-- Data section follows --

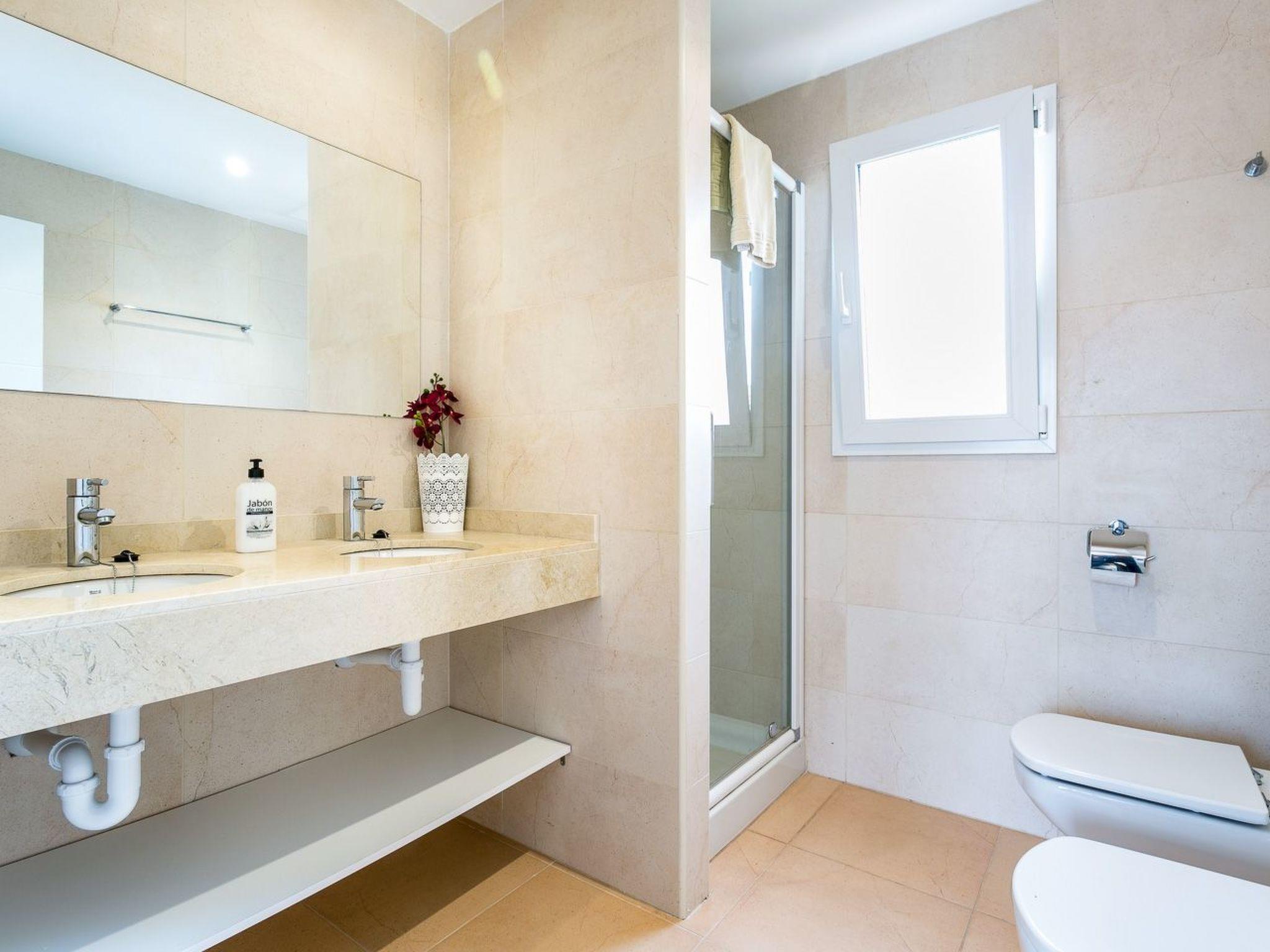 A roofed and open terrace, as well as a private roof terrace with a sea view are available. There is also a small private garden and a very large communal swimming pool (including children's pool). The residential complex has a very spacious pool area.
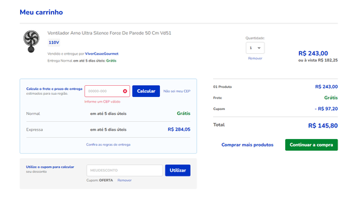 eu boletei mais cedo para garantir e fiz o pagamento, agora é esperar para ver se essa loja vai enviar o ventilador ou vão cancelar a compra.
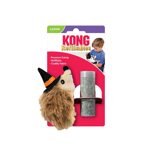 Give your kitty the purr-fect playmate with the KONG Halloween Refillables Hedgehog Cat Toy! These adorable hedgehog toys are made from soft, plush material, and they feature a resealable pouch to hold fresh catnip. These toys are machine-washable once the catnip is removed—which is an added purr-k for pet paw-rents and all the more reason to engage your feline fur-iend in active play. Plus, with the enticing scent of premium North American catnip you’ll want to play with your paw-tner all year long, not just for Howl-o-ween!
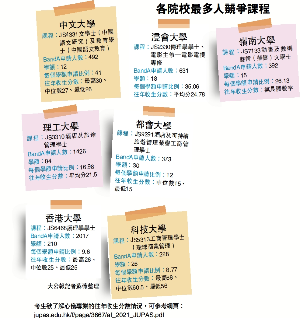 吳寶城說:「不同大學的最低收生分數不同,有6所大學的最低收生要求其實是332233的,亦有是33222的學校;同時同學要注意科目的更高要求,如法律科對英文科的要求會更高。」
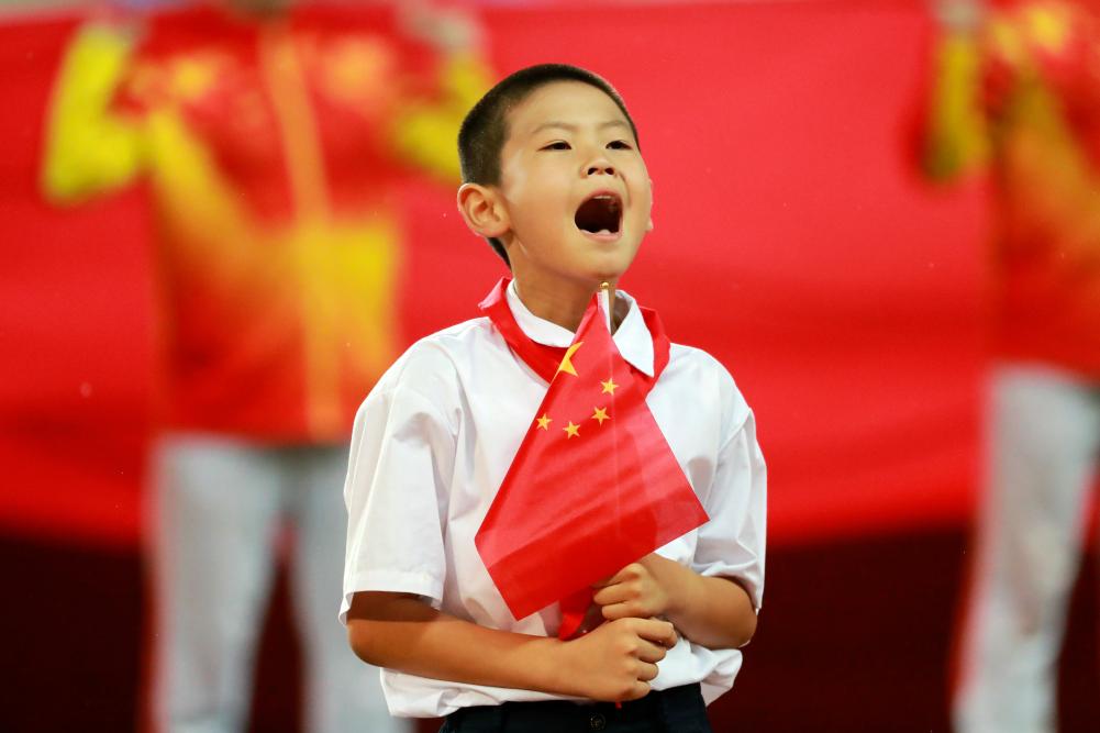 2025年9月27日,小朋友在“苏超”淮安队对阵徐州队的比赛前演唱《歌唱祖国》。新华社发(徐昌政 摄)

-- Data section concluded --

● What the task asks:
Write out the data above exactly, minus any images.

● Answer space:
 A roofed and open terrace, as well as a private roof terrace with a sea view are available. There is also a small private garden and a very large communal swimming pool (including children's pool). The residential complex has a very spacious pool area.
 eu boletei mais cedo para garantir e fiz o pagamento, agora é esperar para ver se essa loja vai enviar o ventilador ou vão cancelar a compra.
 Give your kitty the purr-fect playmate with the KONG Halloween Refillables Hedgehog Cat Toy! These adorable hedgehog toys are made from soft, plush material, and they feature a resealable pouch to hold fresh catnip. These toys are machine-washable once the catnip is removed—which is an added purr-k for pet paw-rents and all the more reason to engage your feline fur-iend in active play. Plus, with the enticing scent of premium North American catnip you’ll want to play with your paw-tner all year long, not just for Howl-o-ween!
 吳寶城說:「不同大學的最低收生分數不同,有6所大學的最低收生要求其實是332233的,亦有是33222的學校;同時同學要注意科目的更高要求,如法律科對英文科的要求會更高。」
 2025年9月27日,小朋友在“苏超”淮安队对阵徐州队的比赛前演唱《歌唱祖国》。新华社发(徐昌政 摄)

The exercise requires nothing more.